/---

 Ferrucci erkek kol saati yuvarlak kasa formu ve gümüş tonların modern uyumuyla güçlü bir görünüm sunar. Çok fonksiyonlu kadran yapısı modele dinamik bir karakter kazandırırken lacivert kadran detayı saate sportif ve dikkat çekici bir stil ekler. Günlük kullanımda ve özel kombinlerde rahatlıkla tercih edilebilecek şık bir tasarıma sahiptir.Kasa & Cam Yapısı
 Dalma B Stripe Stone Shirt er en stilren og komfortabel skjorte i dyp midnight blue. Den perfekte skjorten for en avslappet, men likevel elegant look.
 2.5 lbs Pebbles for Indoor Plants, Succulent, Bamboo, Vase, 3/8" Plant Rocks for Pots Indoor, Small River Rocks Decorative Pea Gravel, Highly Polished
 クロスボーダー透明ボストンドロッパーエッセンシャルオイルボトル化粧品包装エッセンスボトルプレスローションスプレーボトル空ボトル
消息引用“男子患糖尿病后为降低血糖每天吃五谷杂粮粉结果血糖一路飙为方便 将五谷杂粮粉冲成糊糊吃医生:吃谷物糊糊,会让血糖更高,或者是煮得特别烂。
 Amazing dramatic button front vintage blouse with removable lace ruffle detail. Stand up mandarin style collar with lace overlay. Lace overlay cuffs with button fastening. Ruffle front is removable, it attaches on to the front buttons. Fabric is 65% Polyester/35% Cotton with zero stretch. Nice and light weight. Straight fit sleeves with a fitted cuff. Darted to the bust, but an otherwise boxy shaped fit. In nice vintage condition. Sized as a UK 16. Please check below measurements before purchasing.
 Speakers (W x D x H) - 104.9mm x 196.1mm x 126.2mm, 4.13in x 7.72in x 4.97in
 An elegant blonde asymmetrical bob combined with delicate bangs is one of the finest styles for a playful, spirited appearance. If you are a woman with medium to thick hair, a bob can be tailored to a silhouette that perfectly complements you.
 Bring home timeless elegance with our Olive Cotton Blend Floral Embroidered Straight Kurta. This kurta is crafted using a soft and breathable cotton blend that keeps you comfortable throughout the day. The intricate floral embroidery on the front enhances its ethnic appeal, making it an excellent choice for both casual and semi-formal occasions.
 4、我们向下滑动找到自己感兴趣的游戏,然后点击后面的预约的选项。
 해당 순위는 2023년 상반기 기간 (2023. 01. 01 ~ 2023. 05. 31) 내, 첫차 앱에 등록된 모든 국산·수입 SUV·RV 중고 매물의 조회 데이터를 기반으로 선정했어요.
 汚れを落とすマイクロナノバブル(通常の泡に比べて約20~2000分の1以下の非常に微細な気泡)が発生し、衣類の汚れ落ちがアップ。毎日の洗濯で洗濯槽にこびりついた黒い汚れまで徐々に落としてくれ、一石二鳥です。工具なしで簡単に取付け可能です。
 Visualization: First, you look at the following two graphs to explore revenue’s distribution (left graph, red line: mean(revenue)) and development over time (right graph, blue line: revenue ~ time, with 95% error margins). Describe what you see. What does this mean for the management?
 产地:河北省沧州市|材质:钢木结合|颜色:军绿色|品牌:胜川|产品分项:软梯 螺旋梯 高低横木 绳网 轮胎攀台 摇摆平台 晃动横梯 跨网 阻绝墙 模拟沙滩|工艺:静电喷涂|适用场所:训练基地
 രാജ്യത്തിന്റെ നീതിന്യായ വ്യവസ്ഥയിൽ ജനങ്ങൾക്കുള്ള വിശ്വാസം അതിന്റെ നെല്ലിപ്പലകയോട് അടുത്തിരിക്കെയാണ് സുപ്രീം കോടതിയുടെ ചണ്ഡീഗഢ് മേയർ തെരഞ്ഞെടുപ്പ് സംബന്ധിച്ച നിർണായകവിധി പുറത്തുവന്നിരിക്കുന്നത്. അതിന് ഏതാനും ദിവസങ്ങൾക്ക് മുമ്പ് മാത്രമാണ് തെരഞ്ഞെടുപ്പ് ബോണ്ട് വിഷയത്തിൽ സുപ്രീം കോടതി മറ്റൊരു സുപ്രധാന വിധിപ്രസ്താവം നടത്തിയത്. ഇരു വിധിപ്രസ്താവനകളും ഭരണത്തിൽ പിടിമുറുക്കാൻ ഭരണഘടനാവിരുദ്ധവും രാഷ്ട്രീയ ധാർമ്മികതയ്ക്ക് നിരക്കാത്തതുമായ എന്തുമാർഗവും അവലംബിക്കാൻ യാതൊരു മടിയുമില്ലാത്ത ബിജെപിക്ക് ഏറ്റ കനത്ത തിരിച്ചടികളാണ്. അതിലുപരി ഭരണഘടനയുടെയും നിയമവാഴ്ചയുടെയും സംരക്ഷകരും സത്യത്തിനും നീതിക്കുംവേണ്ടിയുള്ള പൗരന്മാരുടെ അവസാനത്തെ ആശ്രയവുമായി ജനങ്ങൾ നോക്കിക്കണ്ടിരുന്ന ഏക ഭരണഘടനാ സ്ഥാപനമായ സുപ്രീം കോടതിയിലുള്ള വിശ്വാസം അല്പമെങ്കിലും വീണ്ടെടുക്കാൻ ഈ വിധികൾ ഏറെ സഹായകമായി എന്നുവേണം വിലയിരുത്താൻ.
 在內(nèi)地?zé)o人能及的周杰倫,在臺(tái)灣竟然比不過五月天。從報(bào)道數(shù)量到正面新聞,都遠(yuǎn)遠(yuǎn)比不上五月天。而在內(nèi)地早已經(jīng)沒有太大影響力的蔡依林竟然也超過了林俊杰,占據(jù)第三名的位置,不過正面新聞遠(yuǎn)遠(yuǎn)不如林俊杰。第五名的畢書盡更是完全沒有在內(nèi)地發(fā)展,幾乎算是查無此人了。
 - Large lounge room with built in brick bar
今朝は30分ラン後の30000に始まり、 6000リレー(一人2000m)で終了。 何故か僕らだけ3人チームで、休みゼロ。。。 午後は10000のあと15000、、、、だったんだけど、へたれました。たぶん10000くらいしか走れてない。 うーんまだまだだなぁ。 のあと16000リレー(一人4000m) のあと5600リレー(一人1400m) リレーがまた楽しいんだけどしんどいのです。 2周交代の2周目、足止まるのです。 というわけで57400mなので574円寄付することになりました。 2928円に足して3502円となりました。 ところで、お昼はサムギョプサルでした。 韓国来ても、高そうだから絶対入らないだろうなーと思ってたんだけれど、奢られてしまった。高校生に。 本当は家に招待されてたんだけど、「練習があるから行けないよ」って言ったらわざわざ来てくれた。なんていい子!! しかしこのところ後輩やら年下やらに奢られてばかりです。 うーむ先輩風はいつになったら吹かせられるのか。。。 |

\---

▶ **WORK TASK**: The response must hold only the lines above from the line with "在內(nèi)地?zé)o人" through the line with "- Large lounge room with built in brick bar", each copied exactly, both ends kept.

▶ **TASK RESPONSE**:
 在內(nèi)地?zé)o人能及的周杰倫,在臺(tái)灣竟然比不過五月天。從報(bào)道數(shù)量到正面新聞,都遠(yuǎn)遠(yuǎn)比不上五月天。而在內(nèi)地早已經(jīng)沒有太大影響力的蔡依林竟然也超過了林俊杰,占據(jù)第三名的位置,不過正面新聞遠(yuǎn)遠(yuǎn)不如林俊杰。第五名的畢書盡更是完全沒有在內(nèi)地發(fā)展,幾乎算是查無此人了。
 - Large lounge room with built in brick bar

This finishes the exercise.